For me and for mom that will mean looking forward to marketing and talking about our latest book: Violet Fate. It’s our favorite so far, but it came out during the worst winter of our life. We experienced the kind of loss that stops all action and all desire to plan the future—we lost my father, her husband.
As we were driving this week to pick up his last effects, we talked about what we are feeling now. We are still reeling, but we want to move forward again. And one of the feelings we recognize, when it comes to getting published is astonishment: who could have imagined just a few years ago that mom and I would have three books out and three more in action. Who would have thought that my sister Allyn would be a successful children’s book author with even more books in action than us or that she would inspire us to pursue this dream? Who could have imagined that mom and I would ever be called a “mother/daughter writing duo,” would appear on television, would give talks all over Northern Virginia? Who could have predicted Mom and I and Allyn would sweat together through the ups and downs of getting published.
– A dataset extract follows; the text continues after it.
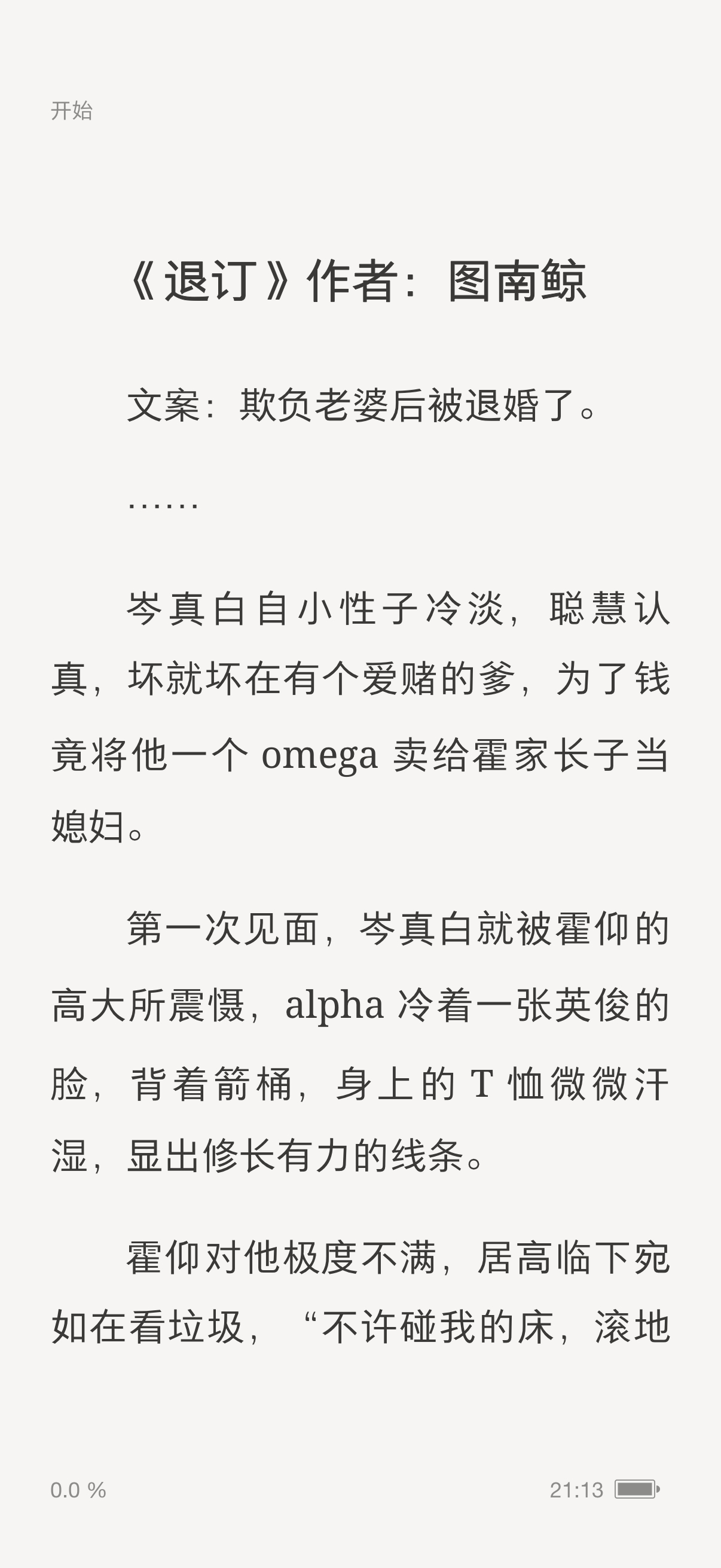 发现好看的abo设定了,《退订》by图南鲸,文笔特别特别特别好!!!先婚后爱,破镜重圆,追妻火葬场,又强又乖又冷淡又自立的Omega,攻对受一开始怀着满满的误会和恶意,我现在就等这个煞笔alpha追妻火葬场

We had to put our talks with Applebee’s about an official launch on hold to get through the loss of this winter. But we’re talking to them again, and we’re going to make it happen with one change: it will be a book party—a celebration of the surprises life has in store. Some of those surprises may include sub-zero weather and mounds of snow … and soul-wrenching grief. But others will start with what inevitably happens in spring: a seed germinates, spreads its tiny sprout through the nourishment of the soil where it’s placed, sticks its little head through to the sunshine, and if give enough food: grows into plants and finally flowers.